Notice how much advertising BP does on T.V.? There's your answer, in a nutshell. The only media that would touch a story like that would be CPB through Frontline. Even that is doubtful because they too are dependent on grants from BP, a result of huge cutbacks in the government support that maintained their independence for decades. It's not the FDA or the anti's that are the problem. The FDA has no power over media. The ACS or ALS has no power over the networks. Corporate America calls their shots, and that includes BP.

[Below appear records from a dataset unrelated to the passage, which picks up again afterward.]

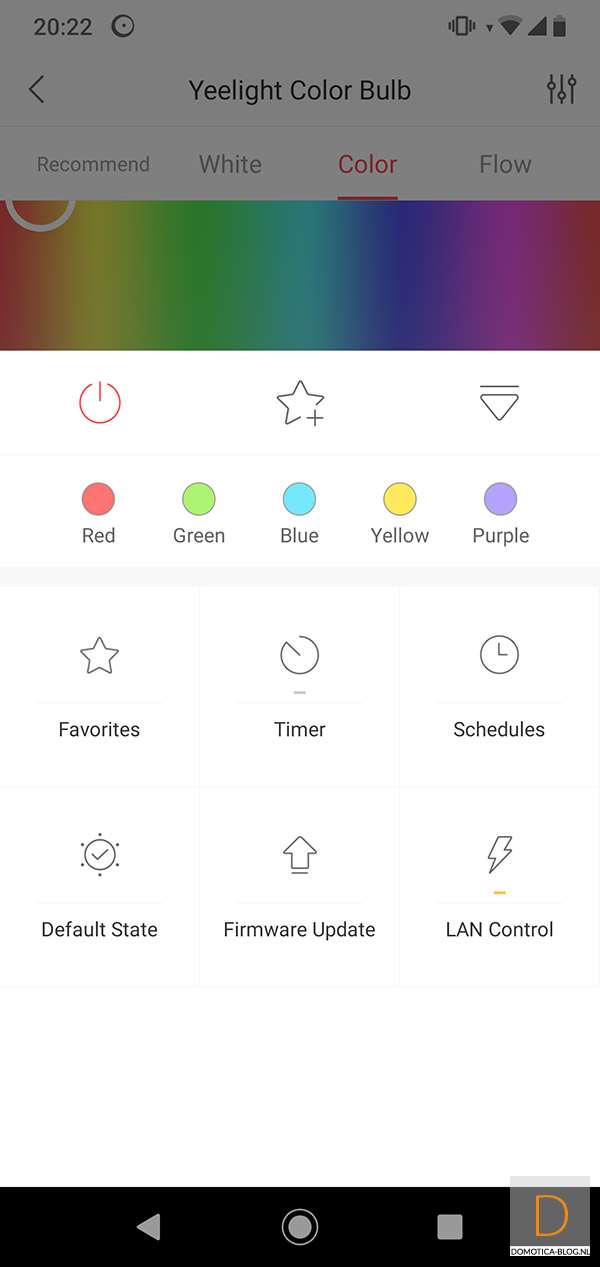 Je kunt de natuurlijk de lamp aan en uitzetten, dimmen en de kleur bepalen.
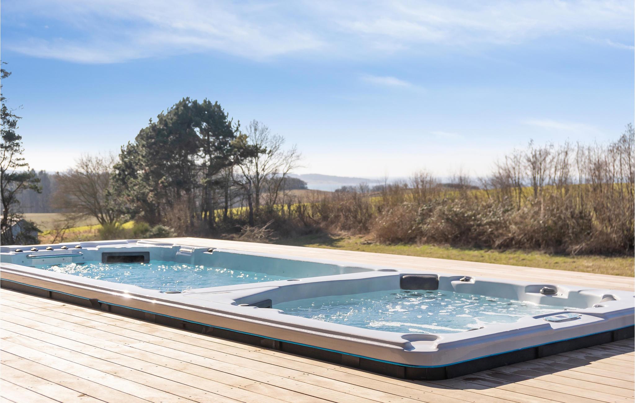 Toplækkert feriehus i Knebel med havudsigt, sauna, udendørs pool og moderne faciliteter for en uforglemmelig ferie.
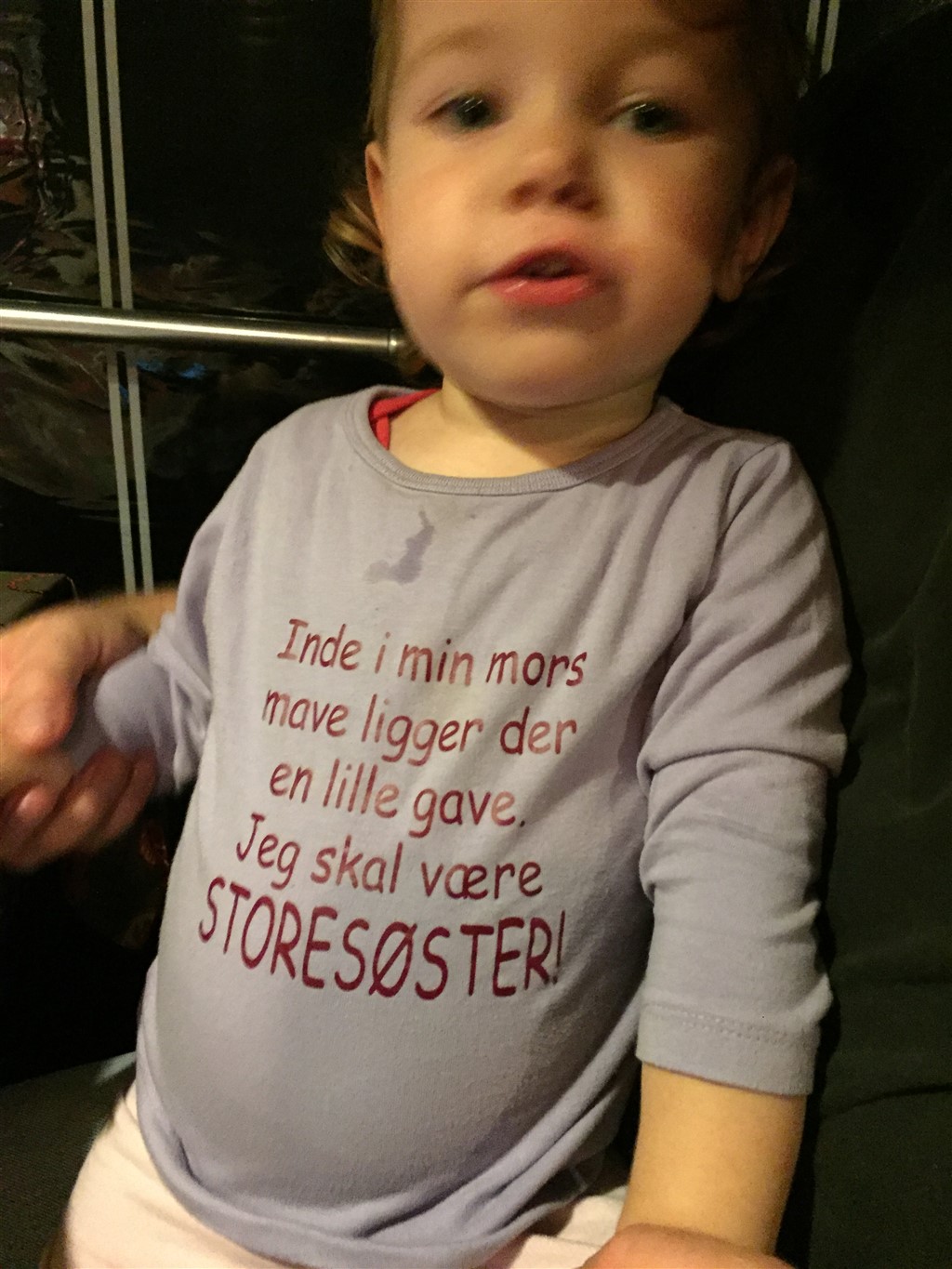 Vi købte "Jeg skal være storesøster bluse" til vores store datter...
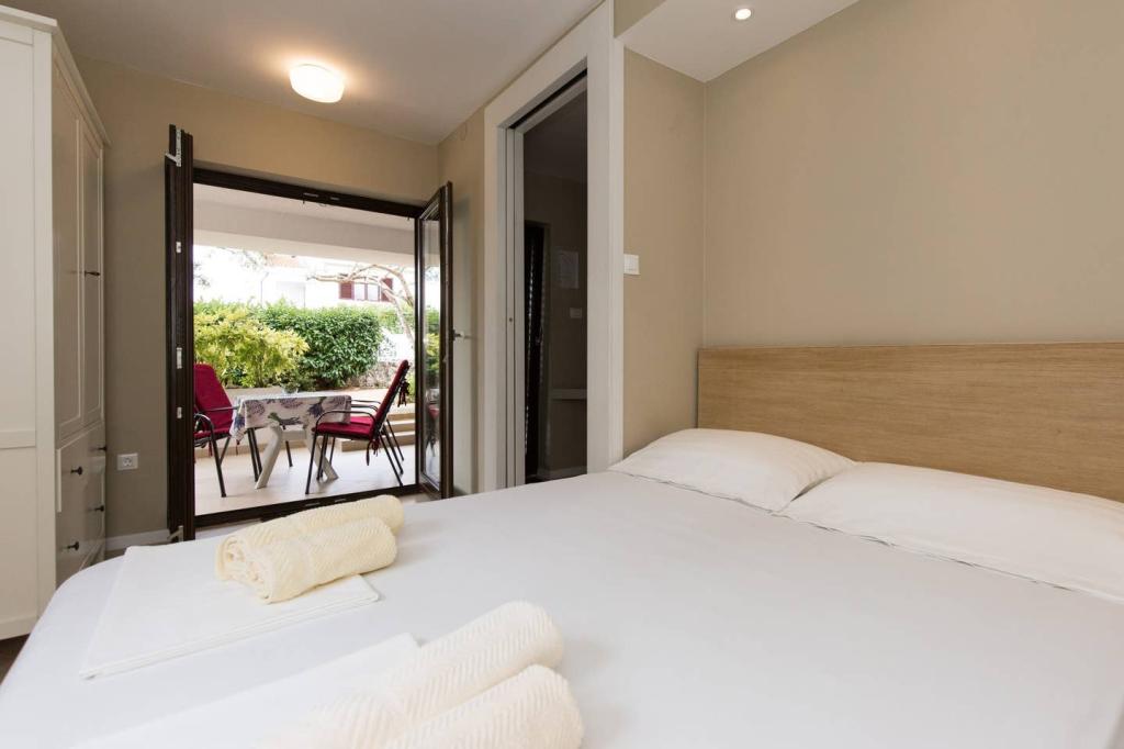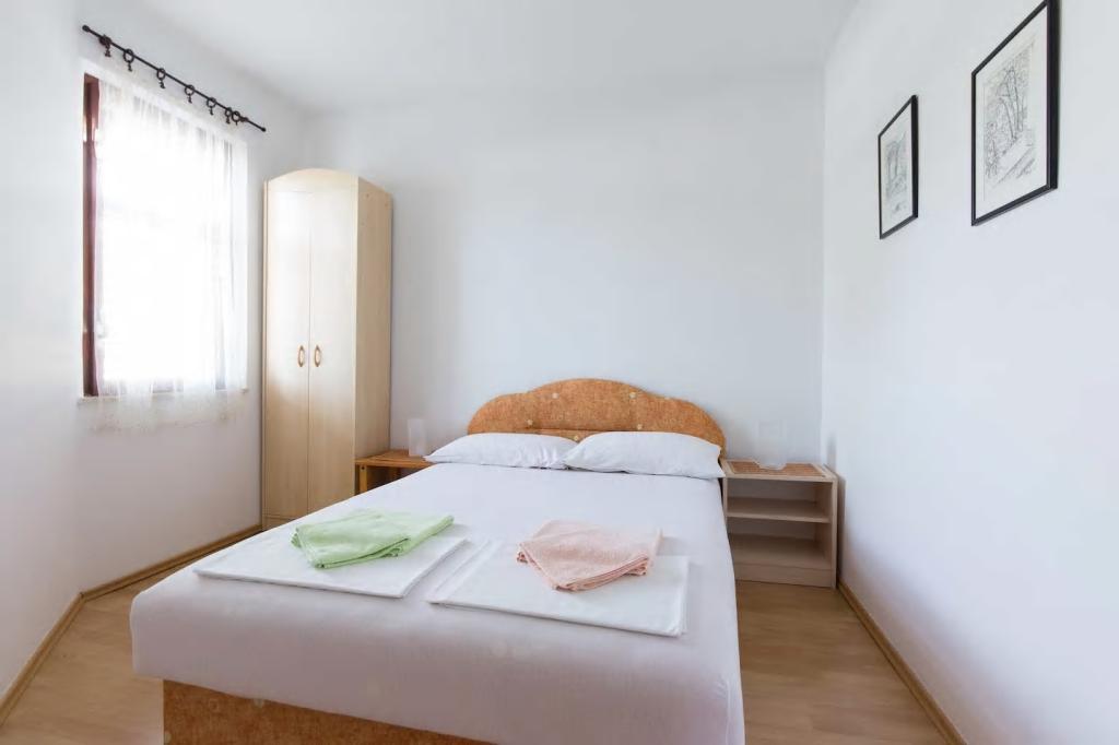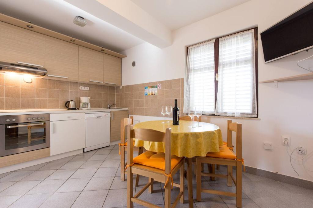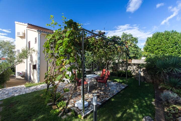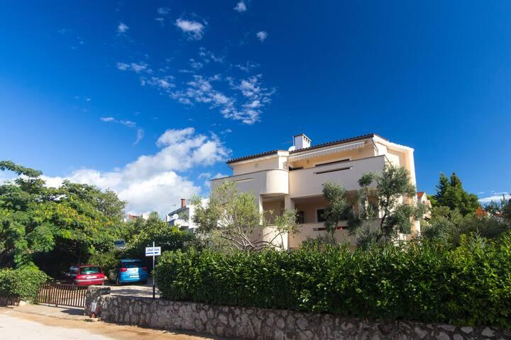 Apartmanjaink Krk városában találhatók, 200 m-re a strandtól (5 perc séta), és 900 m-re a város kulturális és történelmi központjától (15 perc séta). A közelben kavicsos, sziklás és homokos strandok és sportolási lehetőségek találhatók. A 3-as apartman 22 m2-es (stúdió) 2 fő részére alkalmas. Az apartman az első emeleten található, külön bejárattal, és a kertre nyílik, ahol csak a 3-as apartman vendégei állnak rendelkezésre ülőhelyek. Az apartman stúdió alaprajzú, franciaággyal 160x200 (2 fő részére). Fürdőszoba zuhanykabinnal és teljesen felszerelt konyha étkezőasztallal, hűtővel mélyhűtővel, tűzhellyel (elektromos), mikrohullámú sütővel, filteres kávéfőzővel, vízforralóval, evőeszközökkel. A lakásban van még: kábel TV, ingyenes WiFi lapos Internet, és kézi vezérlésű klíma, értéktár/személyes iratszéf.

Not to get political, (but, at the end of the day everything is politics) this is just an unintended consequence of the deregulation that allowed pharmaceutical companies to advertise to the general public. Before that deregulation, a production like "60 Minutes" might have been all over this issue. Now, they cower in fear, as do all the other networks, under the threat of losing tens of millions in advertising revenue for the latest cure for restless leg syndrome. The e-cig issue is only one of many issues that mainstream "investigative journalism", will never report on for fear of retribution by their corporate sponsors.

Remember when TV ads for cigarettes were banned? Before then, you never heard anything from 60 Minutes, or anyone else, about tobacco companies. After the ban, journalists were free to trash BT at will. And they did.

The only investigative journalists who remain independent enough from the influence of BP's massive advertising accounts are those who receive virtually no attention. There are many of them but they have a cumulative following that doesn't amount to 10% of a single night's sitcom audience. Unfortunately, that includes Dan Rather. He has the integrity but, in his current position, lacks the audience. It would take someone with the media clout and independence of the notorious Michael Moore to get enough airtime to make a whit of difference. I can't think of anyone else who would fit the bill. Even Stossel would never dare offend Fox's corporate masters so grievously, regardless of his personal convictions.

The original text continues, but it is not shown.